Cuisine Solutions’ Ragnav adds that food costs have become “one of the top concerns for establishments across the region”.
“They are realising that they need to balance their prices and labour to become profitable in this tough environment,” he says.
As the United States economy adjusts to the change, the country’s meat producers have been forced to think outside the box in their quest to provide quality, according to Food Service Trading’s Craven.
“The downturn in the USA has meant that suppliers have to provide new and innovative quality products that represent real value for money for the US domestic market,” he explains.
“We have the advantage of being able to provide these same product solutions here in the Middle East.”
The region’s chefs, meanwhile, remain positive that the lure of quality meat dishes will see continuing demand for such cuisine.
Ruth Chris’ De Visser admits: “Some of out customers are worried about price so we lowered it for some dishes and we added more choice to our menu by offering smaller cuts.
“What we’re doing is new to the market here and it’s been doing great — there are already 130 of our restaurants worldwide and people seem to like the concept.”
The Meat Co’s Soundranayagam adds: “We haven’t faced that much of an issue during the downturn at our outlets. I don’t think our sales have dropped and if they have, then not by more than 10%; for us that’s not a huge issue.”
So despite the changes in the market, which both outlets and suppliers have been forced to adapt to, demand for quality meat products remains high across the region and the challenges suppliers face are being overcome.
Quality meat and the wide range available in the region, it appears, will continue to lure customers to outlets, despite the worries created by the financial slowdown.

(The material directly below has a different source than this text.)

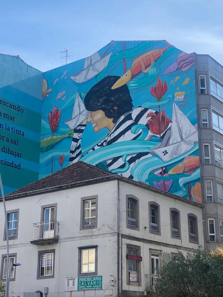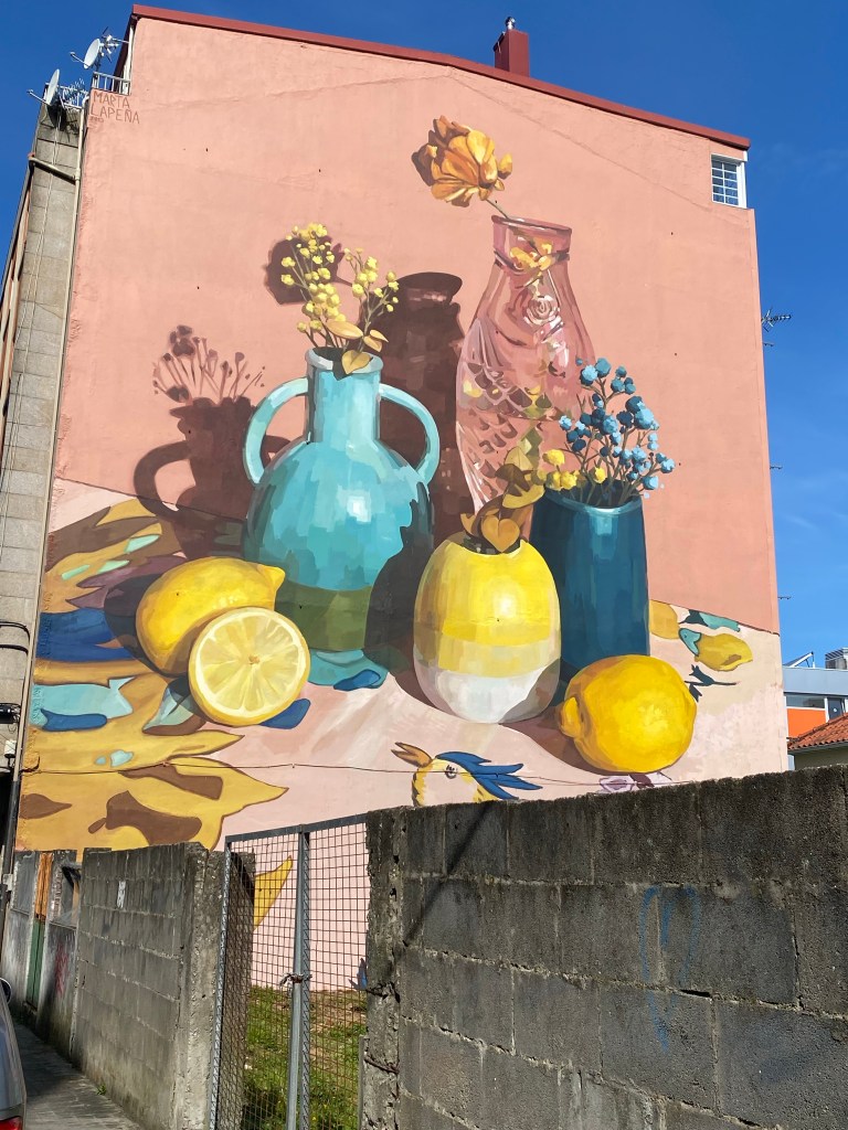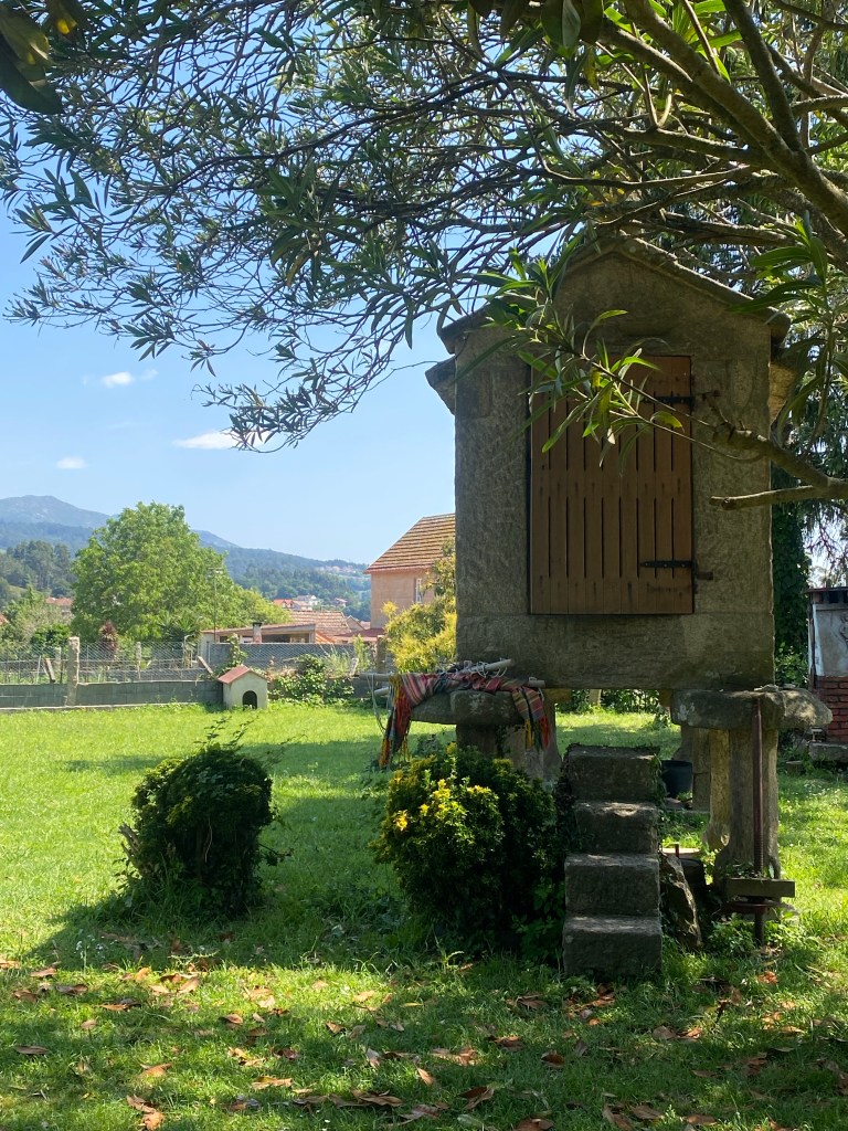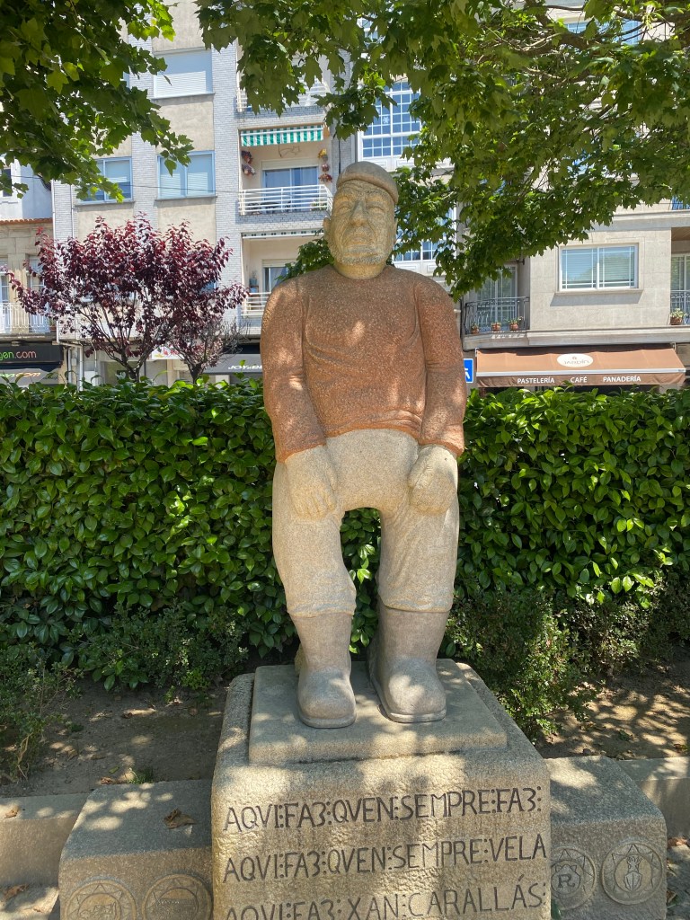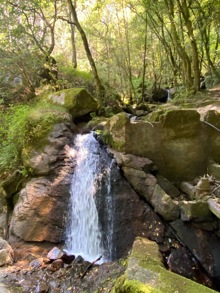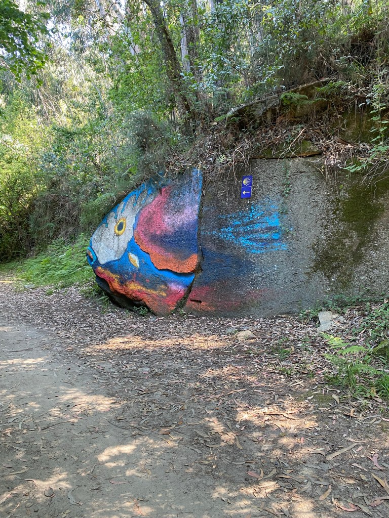 Daar ging ik weer. Het drukke verkeer van Vigo door en dan lekker het bos in. Nu is de weg terugvinden ook vorige keren een uitdaging geweest. En dit keer niet anders. Een aantal keer goed gegokt maar toen wist ik het echt niet meer. In de supermarkt konden ze me niet verder helpen tot een schattig ouder stelletje naar binnen kwam lopen. ‘German ?’ vroeg de oude man. ‘Nein, aber ich kann es verstehen.’ Gelukkig was zijn Duits van mijn niveau, al liep hij te stralen en dacht dat het van hem vloeiend was. Hij had 30 jaar geleden in Duitsland gewoond. Zijn vrouw spoorde hem aan even een stukje mee te lopen. Hij gaf me een gezellige arm en daar gingen we. Ik stelde nog voor dat hij mee naar Santiago zou gaan maar zolang kon zijn vrouw hem niet missen zei hij lachend.

Pureland Black Angus porterhouse steak
“Known as ‘the king of steak’, the porterhouse is composed of a New York strip steak on one side and a tenderloin on the other. This cut is available in all sizes to match a chef’s needs,” says
Food Service Trading director Ashley Craven.
Rack of lamb
Cuisine Solutions business development manager for on-board services Bhasker Raghav describes this product as “incredibly tender and elegant”.
“Through the sous vide cooking method, flavours of herbs and lamb are intensified,” he says.
Tel: +1 703 270 2900
JM Foods general manager Robert Mitchell comments: “Our magret peche duck breast is from Valette, a traditional French family-run company known for its high quality fois gras products. Duck breast is also one of its specialities and is produced to very high standards.”